No doubt. But what will that look like? And is it a course the commission feels forced to take or one it embraces?

What exactly is the “far right” in Europe today?

The use of the left-right political spectrum really needs to be retired, especially in Europe. As mentioned above, the “center” is for the following: war with Russia, genocide in Gaza, all types of neoliberal economic policies, and censorship of any voices that dissent from these policies. What little remains of the authentic left is anti-war and opposed to neoliberalism.

What then of the right? The term as it is used today refers to two distinct groups, broadly outlined here:

  1. Those who take a hard line on immigration and have no problem with the EU market-friendly economic policies, but advocate for more national sovereignty. Oftentimes that is expressed through Eurosceptic or anti-EU positions with a similar view towards NATO, as well as opposition to the war with Russia since it is harming the national economic interests.
  2. Those who take a hard line on immigration and have no problem with the EU market-friendly economic policies but who have abandoned their EU and NATO-skeptic views and support the war against Russia. Both 1 and  2 typically skeptical if not outright opposed to environmental and climate change policies.

Italian Prime Minister Giorgia Meloni is supposedly a leader of the right, but she is clearly in bucket number two. Upon her 2022 election she picked up seamlessly from her predecessor, the unelected Goldman Sachs man Mario Draghi, Meloni works well with Von der Leyen, and is a big proponent of the war against Russia despite all the damage it’s doing to Italy.

On the defining issue of the day in Europe (war with Russia), there is little to no daylight between the “productive center” and the Melonis on the right.
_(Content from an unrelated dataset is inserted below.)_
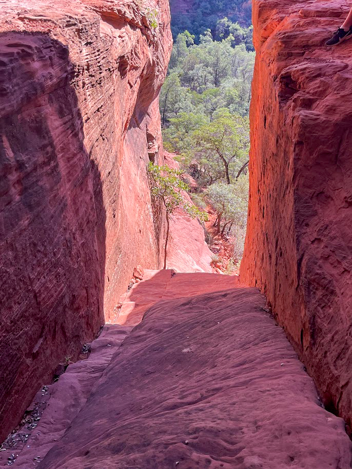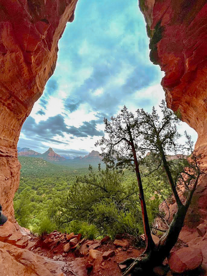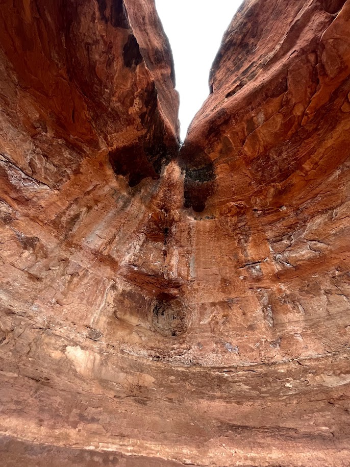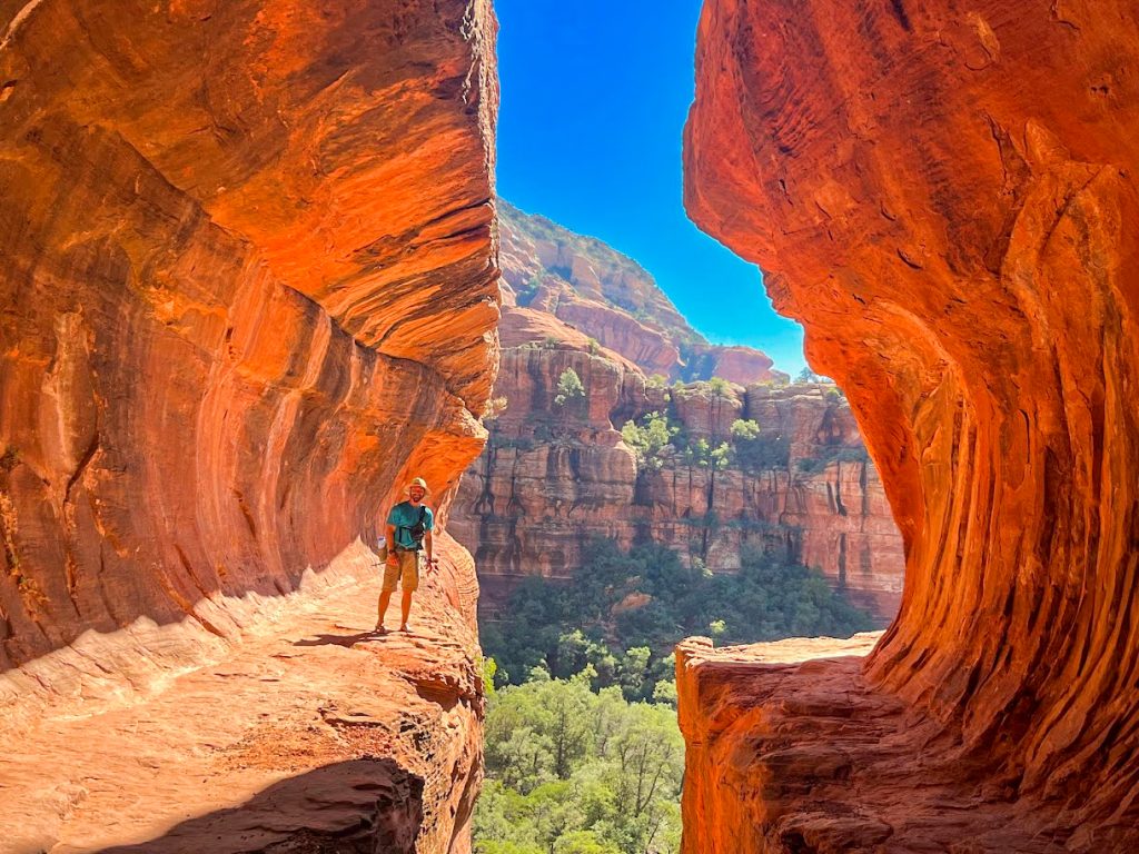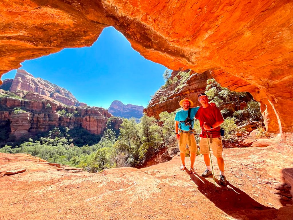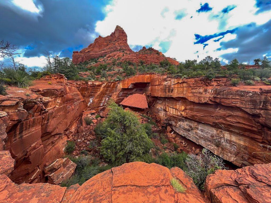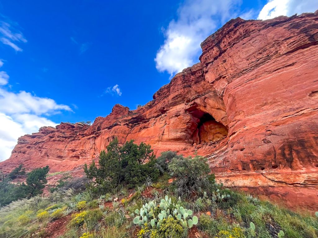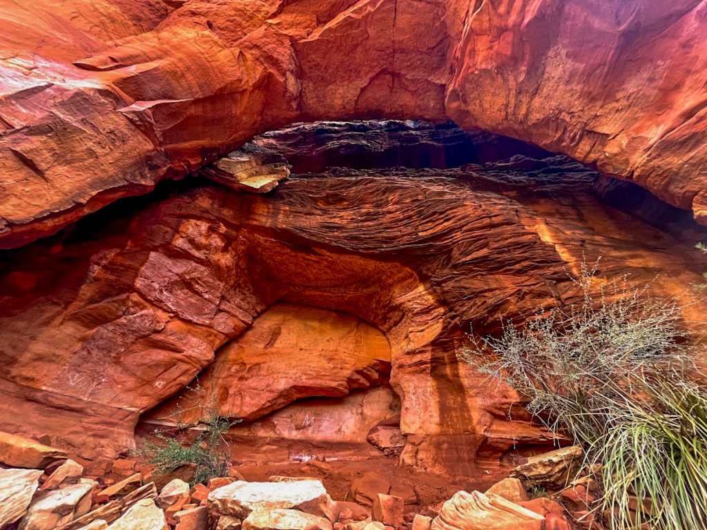 This “cave” is actually more of a double arch underneath a sandstone cliff, but it is quite unique. The arch features an upper-level arch and chamber that you can reach via some scrambling. This stretch does require good scrambling skills and surefootedness. If you are unsure about climbing to the upper levels of this landmark, I would recommend remaining below. If you scramble to the upper level of this feature, there are many different viewing angles that are photo worthy. I would absolutely add this landmark to your sights to see while in Sedona.

It’s worth recalling all the hysteria over Meloni’s election back in 2022. A year and a half later, the New York Times was able to declare that Meloni solidified her credentials and “ has put the European establishment at ease. She has proved to be rock-ribbed on the question of Ukraine…”

The European Peoples Party (center), which is projected to remain the largest bloc in the parliament, is a major backer of Project Ukraine. The European Conservatives and Reformists (ECR) is too. ECR is led by Meloni’s Brothers of Italy, Law and Justice in Poland, VOX in Spain, and the Sweden Democrats.

Whatever opposition to Project Ukraine can be found on the right, is in the Identity and Democracy (ID) party, although it might be softening – at least in the case of Marine Le Pen’s Rassamblent National. Le Pen has begun to take a more pro-NATO line in recent months (although she has also criticized Macron over his eagerness to send French troops to Ukraine), likely in an attempt to show her “readiness to govern” much like Meloni did. It will be very interesting to see what line she takes in the French presidential campaign and how she will govern should she win.

In the case of the Meloni-style right it looks like what’s happening is the absorption of nationalist eurosceptic, anti-NATO right into a pro-NATO, nationalist right. That might seem contradictory, but  Jonas Elvander, the editor of foreign affairs at the Swedish socialist magazine Flamman and a PhD researcher in history at the European University Institute in Florence, makes a compelling argument in a piece in Brave New Europe that was featured in Links yesterday and really deserves a  full read, although I’ll quote liberally from it here:

Since the euro crisis of the 2010s, the EU has gone from projecting its soft-power outward to becoming more defensive and inward-looking, according to Kundnani. The union’s leadership today sees it as being encircled by threats, which since the migration crisis have increasingly become synonymous with non-white migrants and political instability in the neighboring regions. This point was illustrated two years ago by the High Representative of the Union for Foreign Affairs and Security Policy, Josep Borell, when he described the EU as a ”garden” surrounded by a ”jungle”.

This new rhetoric is indicative of what Kundnani calls the EU’s ”civilizational turn”; the civic and cosmopolitan elements of European identity are increasingly being replaced by an emphasis on Europe’s common cultural and civilizational heritage, that is, a more exclusionary understanding of what it means to be European.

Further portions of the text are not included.